This article was originally published to SSP Thinks Film by Sam Sewell-Peterson.

Godzilla (2014)
Director: Gareth Edwards
Screenwriters: Max Borenstein, Dave Callaham
Starring: Aaron Taylor-Johnson, Elizabeth Olsen, Bryan Cranston, Ken Watanabe, Sally Hawkins, Juliette Binoche, David Strathairn, Carson Bolde, CJ Adams
Sixty-seven years after Toho introduced Godzilla as a haunting allegory for the nuclear trauma of Hiroshima and Nagasaki, Gareth Edwards reimagined the monster for a 21st-century audience. His 2014 film blends large-scale destruction with quieter human moments, yet it struggles to fully commit to a clear thematic voice.
The film opens in 1999 with scientists (Ken Watanabe and Sally Hawkins) investigating a massive, prehistoric carcass recently unearthed in the Philippines. Among the remains are two strange eggs; something hatches and begins moving toward Japan. On the outskirts of Tokyo, nuclear plant engineer Joe Brody (Bryan Cranston) notices unusual seismic activity and urges an evacuation of the facility he oversees. His warnings come too late to prevent tragedy. Years later, driven by survivor’s guilt, Joe continues searching for answers while his estranged son Ford (Aaron Taylor-Johnson), now a naval officer, becomes entangled in the escalating crisis as monstrous threats emerge.
Edwards’ film explicitly nods to Ishiro Honda’s original Godzilla at moments—the monorail disaster and certain character names evoke the 1954 classic—but its spirit owes much to Steven Spielberg-style blockbuster storytelling. The structure, tone, and even some visual beats recall Jurassic Park: creatures contained in electrified enclosures, tense vehicle sequences peering through fogged windshields, and triumphant post-battle poses that emphasize spectacle.
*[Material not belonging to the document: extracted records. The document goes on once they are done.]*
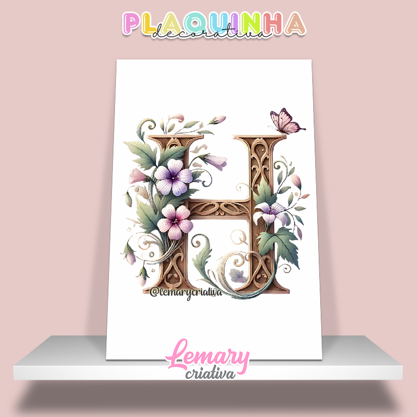 Plaquinha Decorativa MDF 19x28cm Letra H MOD00001
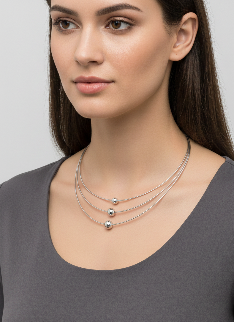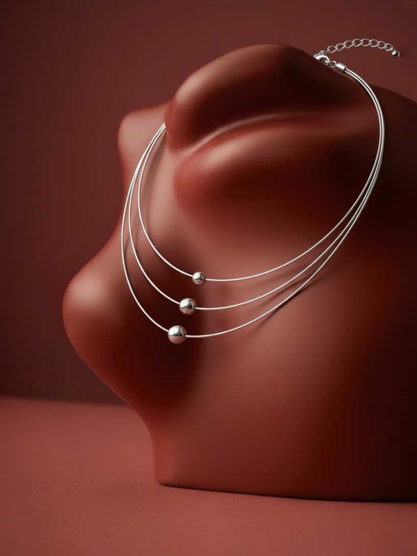 This elegant triple-layer choker necklace is crafted from premium stainless steel, offering both durability and a high-shine modern look. The design features three polished round beads placed on sleek, delicate wires that rest beautifully on the neckline. Its minimalist style makes it ideal for women who prefer classy and subtle accessories that match both western and Indo-western outfits. Lightweight and skin-friendly, this necklace is perfect for daily wear, office use, photoshoots, parties, and gifting. The adjustable chain ensures a comfortable and secure fit for all neck sizes. A perfect accessory to elevate any simple outfit with a chic, contemporary touch.
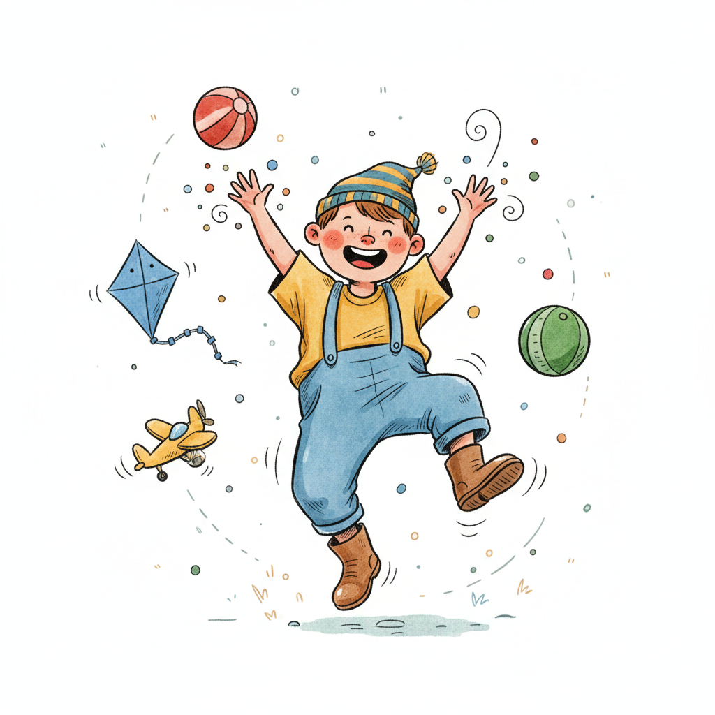 Ein fröhliches Kind springt vor Freude, umgeben von bunten Spielsachen wie Bällen, Drachen und Flugzeug.

Edwards also references his own earlier work, marrying indie creature-feature sensibilities to big-studio scale.
Where Honda’s Godzilla was a precise, uncompromising commentary on nuclear weapons and wartime trauma, this newer film is comparatively ambivalent. It touches on multiple possible causes—nuclear activity, environmental imbalance, humanity’s destructive tendencies—but avoids making a decisive statement. That indecision weakens the movie’s moral clarity; rather than confronting a single issue, it scatters blame and softens its critique, leaving the narrative with less emotional impact than it might have had.
The film’s antagonists, the MUTOs (Massive Unidentified Terrestrial Organisms), are conceptually serviceable but unremarkable. Their design and behavior feel derivative at times, echoing elements from modern creature cinema without delivering the distinctive character of Toho’s diverse kaiju or the imaginative designs seen in other recent monster films. As a result, the MUTOs rarely resonate as memorable threats on their own.
Aaron Taylor-Johnson portrays Ford as a dutiful, action-driven hero, motivated by family protection and duty. The performance fits the role but often reads as formulaic: Ford alternates between careful father and impulsive soldier without the script fully exploring the emotional tension such a split could produce. Bryan Cranston’s Joe Brody provides the film’s emotional core in concept, but his screen time and development are limited. Several strong actors—Ken Watanabe, Sally Hawkins, Juliette Binoche—appear in smaller, serviceable roles that support the plot without elevating it.
One of the film’s undeniable assets is Alexandre Desplat’s score. Lush, cinematic, and attuned to both Western and Eastern musical sensibilities, the soundtrack provides moments of genuine beauty and gravitas. Desplat’s compositions echo the original Godzilla motifs without copying them, helping to establish an emotional throughline throughout the film’s spectacle-heavy sequences.
Visually, the movie offers striking set-pieces. The HALO jump sequence, heavily featured in marketing, stands out as a meticulously crafted action piece that balances tension and scale—an image that could easily populate a poster. Unfortunately, many other action moments do not reach the same level of sustained excitement, leaving the film uneven in its pacing of spectacle.
The film’s central conceit—Godzilla as a force of nature, a kind of ecological reset—works well in theory. When Godzilla appears on screen, he is powerfully realized: imposing against ruined skylines, moving through open water with prehistoric grace, and unleashing his atomic breath in climactic set-pieces. Yet the title monster’s actual screen time is limited. For a movie named Godzilla, audiences expecting prolonged confrontations and a deeper connection to the creature may feel shortchanged. The film captures Godzilla’s might, but it rarely allows viewers to know him beyond the role he fills in the narrative.
Gareth Edwards brought fresh visual ideas and a keen eye for atmosphere to a legendary franchise, and the movie benefits from strong production values and a compelling score. Still, the screenplay’s reluctance to commit to a sharper thematic stance, combined with underused characters and inconsistent action pacing, prevents the film from reaching its full potential. The result is an impressive-looking blockbuster that often flirts with emotional resonance without fully delivering it.